Hi! The issue is resolved, though it was not as straight-forward as expected. Helpful resources include “How to enable SPI2 interface” and “SPI1 not work on Xavier”.
I used the pinmux spreadsheet to enable the SPI2 pins of the camera connector and then generated appropriate DTSI files as explained here. Flashing the device with the newly generated files was easy enough, though I also had to add something to the kernel device tree files on the Jetson platform itself to make /dev/spidev1.0 show up.
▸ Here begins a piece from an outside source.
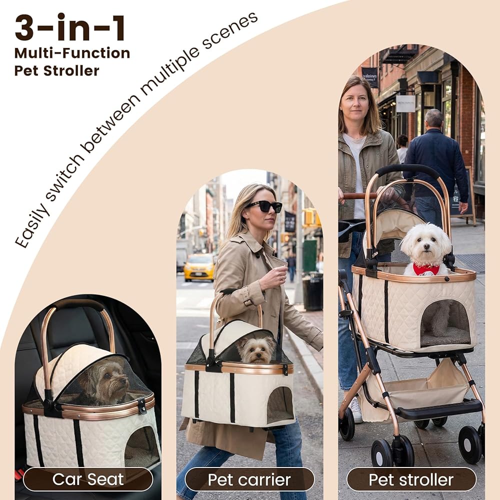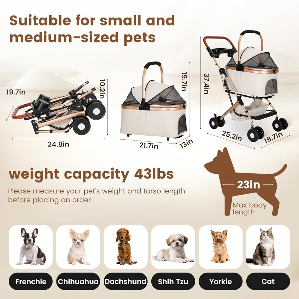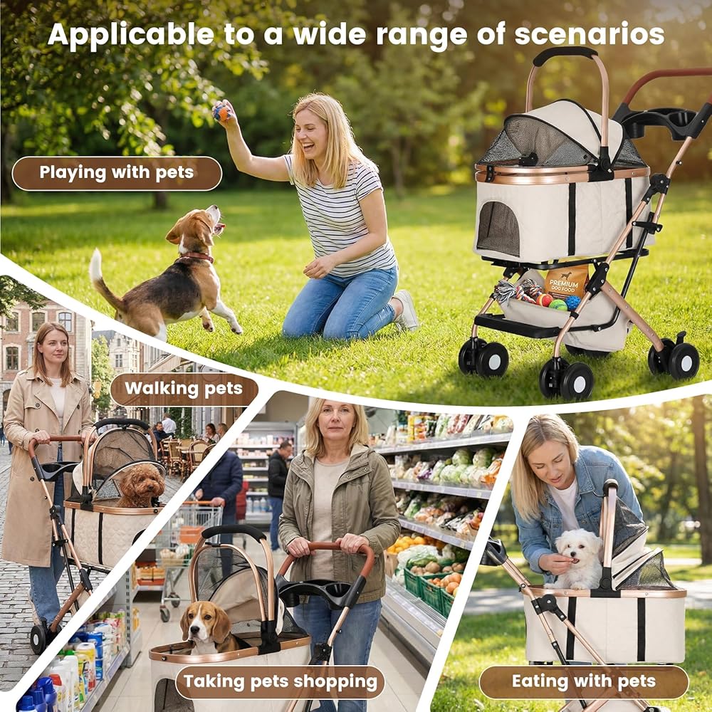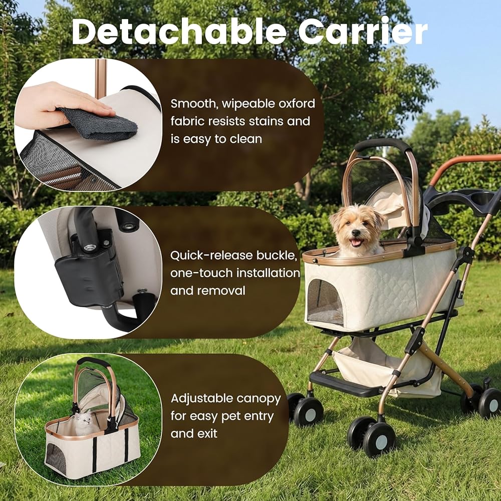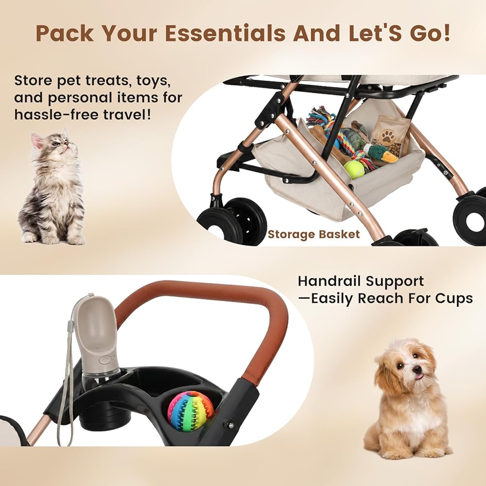 عربة كلب للكلاب والقطط الصغيرة والمتوسطة، عربة أطفال قابلة للطي تحمل ما يصل إلى 44 رطلاً، عربة كلب مع سلة تخزين وحاملات أكواب، بالإضافة إلى حامل حيوانات أليفة محمول قابل للإزالة

I did the following on the Jetson platform:
% I entered the dtb boot directory
cd /boot/dtb
% Converted the kernel dtb file to dts to make it human-readable
sudo dtc -I dtb -O dts -o extracted_proc.dts kernel_tegra234-p3701-0000-p3737-0000.dtb
% Open extracted_proc.dts in your favorite editor
sudo nano extracted_proc.dts
% Use STRG+W (in case of nano) to search for “spi@c260000”
% 1. Change the status from “disabled” to “okay”
% 2. Add the following code after the “prod-settings”:
spi@0 {
compatible = "tegra-spidev";
reg = <0x00>;
spi-max-frequency = <0x2faf080>;
controller-data {
nvidia,enable-hw-based-cs;
nvidia,rx-clk-tap-delay = <0x10>;
nvidia,tx-clk-tap-delay = <0x00>;
};
};
% After editing and saving the file, I converted it back to a .dtb file …
sudo dtc -I dts -O dtb -o kernel_tegra234-p3701-0000-p3737-0000.dtb extracted_proc.dts
% … and applied it
sudo dd if=kernel_tegra234-p3701-0000-p3737-0000.dtb of=/dev/mmcblk0p3
% Then I restarted the device
sudo reboot now
% Which allowed me to check whether the status was set to “okay”
sudo cat /proc/device-tree/spi@c260000/status
% Further, spidev1.0 was now present under /dev/
sudo modprobe spidev && ls -l /dev/ | grep “spidev1.0”
Note: It’s also possible to change the SPI2 pin configurations during runtime, using devmem, but the changes will be lost upon reboot, so I suppose flashing the device is required for a permanent change of the SPI2 pins.
So if anyone has a similar problem in the future, this is how I did it. SPI communication is working flawlessly now.